Security footage shows Boebert and her date very clearly groping each other during the show, in front of everyone, including the children in the audience. For a party that loves to go on and on and on about how other people are exposing children to sexual ideas and material …
The man Boebert is getting handsy with there is reportedly a guy named Quinn Gallagher, who owns a bar in Colorado that holds drag shows and is gay-friendly because Boebert’s hypocrisy knows no bounds.
What if it was to “Dead Mom”?
The premise of Beetlejuice the Musical is a lot like the movie: Lydia Deetz moves to a new house, meets some ghosts, and more importantly, meets Beetlejuice. The ghosts she meets first though are Barbara and Adam. They used to own the house and are lovely people who Lydia wishes were her parents. Beetlejuice? He just wants to be alive again and will do anything to get it. One of the songs that Lydia sings at the start of the show is “Dead Mom.” Her mother died and it’s the reason for their move and her new stepmother’s redecoration but all of that goes to the wayside when the ghosts take over.

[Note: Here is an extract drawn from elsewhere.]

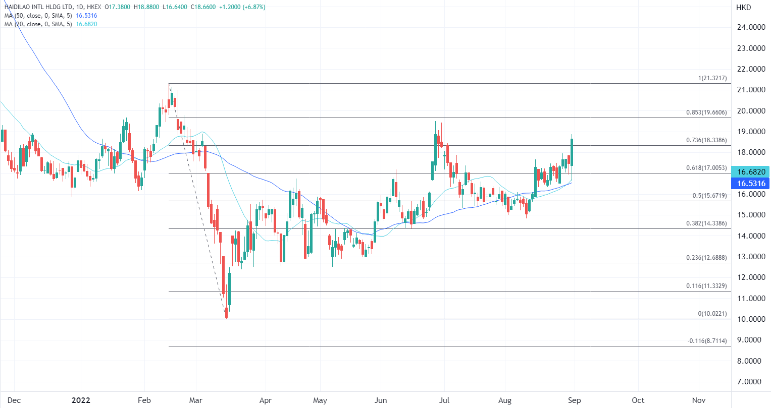 ATFX指出,早在两周前,海底捞已经发了盈利预警,当时预期上半年公司营业收入预计最高下滑17%,已经给市场提前报备,而最终财报基本符合预期。虽然净利润将延续去年下半年以来的亏损局面,但亏损较去年已经有所改善,从6月份开始经营表现开始好转,市场关注其业务在向多元化以及削减成本的尝试下实现优化。

This is all to set the scenes for the kind of songs that litter Beetlejuice. Yes, there is the classic “Banana Boat” song from the movie but the musical itself isn’t really the kind of music that gets most of us going in that way. Also, this is the kind of show that will undoubtedly have a ton of children present in the audience. It’s just all around a weird situation made worse by Boebert’s team lying about what actually happened.
Boebert now says that she fell “short of her values”—an admission she only made after we all saw the truth of what happened firsthand. Her behavior is bad but the reality is that the hypocrisy is worse. None of us would have really cared either way about this situation if it wasn’t for how Boebert uses her power to treat literally everyone else.